On April 2, Trump brandished the tariff stick worldwide, implementing so-called "reciprocal tariffs." However, after causing a massive shock in global markets, Trump took measures to ease the global trade war, announcing a 90-day suspension of tariffs while maintaining a 10% baseline tariff. On May 12, breakthroughs were achieved in Sino-US trade talks, and both sides agreed to reduce tariffs by 115%.

However, the South China Morning Post pointed out that the future direction of US tariff policies remains unclear. Trump threatened various countries that if no trade agreements were reached during the suspension period, tariffs would soar back to previous levels.

Zhou, who runs a bedding and curtain factory in Zhejiang Province, said she does not feel relieved by Trump's remarks but rather very uncomfortable.

"The constant changes in US policies are the worst kind of uncertainty for doing business," Ms. Zhou said. "Today they might say that it is unnecessary for textile manufacturing to return, but what if they change their minds tomorrow? Now, no one in our industry dares to bet on the US market anymore."

Ms. Zhou has been providing products to US customers since 2014, but over the years, she has steadily reduced her investment in the US market. She said that Trump's recent tariff hikes accelerated this process, and currently, the US market accounts for less than a quarter of her sales.

Winnie Lam, Secretary-General of the Vietnam-Hong Kong Business Association, told the South China Morning Post that many Chinese Hong Kong and mainland investors in Vietnam have also taken similar approaches, expanding markets outside the US. She said that Trump's remarks would only provide "temporary relief" for Vietnamese exporters, and many companies are "taking clear actions to diversify and reduce dependence on the US market."

"In short, the world belongs to them now, and they must bravely take steps to enter other markets which were already in their consideration and are now accelerating expansion," Winnie Lam said. "The textile industry is showing through action that the US cannot make them go back."

Workers ironing clothes in a Vietnamese factory, US media

The report mentioned that the Vietnamese government is making efforts to persuade Trump to lower tariffs.

Data shows that foreign capital has poured into Vietnam this year. So far, foreign direct investment has grown by 40% compared to the same period in 2024, with more than $1.5 billion in new capital coming from China, making China the second-largest source of foreign direct investment after Singapore.

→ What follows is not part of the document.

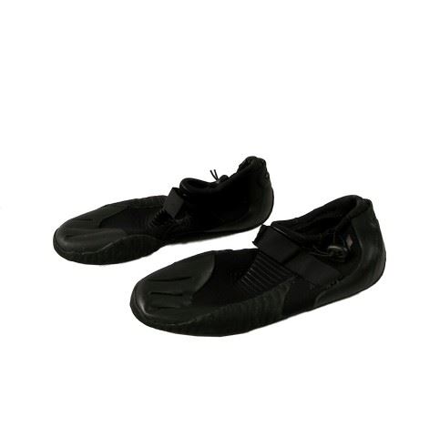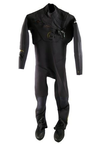 Johnny Utah (Luke Bracey) screen worn, hero, dark grey long sleeve long leg with zipper in the front 'Quiksilver' wetsuit, (size L) and black neoprene with rubber soles and velcro on the front shoes.

According to a previous report by The New York Times, Vietnamese officials are eager to reach an agreement before the 90-day suspension period of "reciprocal tariffs" ends in early July. However, a trade agreement between the US and Vietnam remains distant, with Trump's targeting of China being one of the obstacles.

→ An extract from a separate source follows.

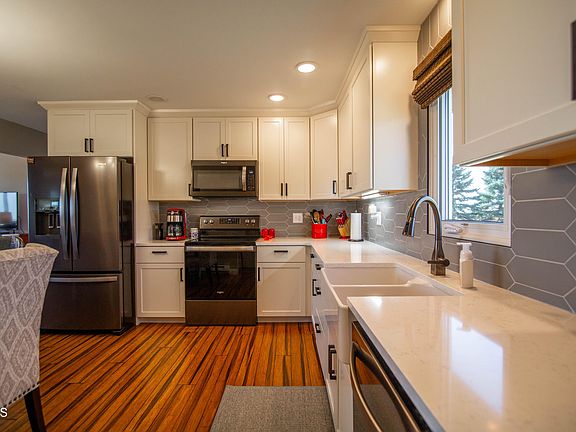 You'll welcome friends and family from the maintenance free front deck into a home that features exquisite Bamboo Flooring on the main floor. Other main floor features include three bedrooms and updated full bath with porcelain tile floor. The kitchen updates offer newer stainless steel appliances, quartz counter tops, tiled backsplash, roll out shelves, soft close doors,, roll-out spice rack and Lazy Susan. The ceilings have been resurfaced and have recessed lighting and newer fixtures too. All appliances are included - even the washer/dryer and downstairs fridge and freezer. The lower level offers a fourth bedroom with a conforming Egress Window, beautifully updated tiled shower and a spacious yet cozy family room.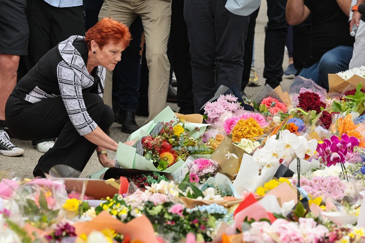 Pauline Hanson, Senator for Queensland in the Australian Senate and leader of One Nation party, lays flowers outside Bondi Pavilion in Sydney on December 16, 2025, to honour victims of the Bondi Beach shooting. Australia's leaders have agreed to toughen gun laws after attackers killed 15 people at a Jewish festival on Bondi Beach, the worst mass shooting in decades decried as antisemitic "terrorism" by authorities. (Photo by DAVID GRAY / AFP via Getty Images)

The report stated that in recent years, many Chinese enterprises have extended production lines to Vietnam. These are legitimate flows in the supply chain, but the Trump administration tried to redefine them as "illegal transshipment," pressuring Vietnam to crack down hard and sever ties with China’s supply chain. Analysts pointed out that this puts heavy pressure on countries dependent on China for production and exports. For Asian countries, cutting ties with China’s supply chain would take decades and come at a great cost.

Deborah Elms, head of trade policy at Hinrich Foundation, pointed out: "The US seems to assume that all products from China are default transshipments and thus intends to suppress every product from China. Governments in Asia are being asked by the US to redefine supply chains, but this could take decades to complete. And what benefits there are from this remains unknown."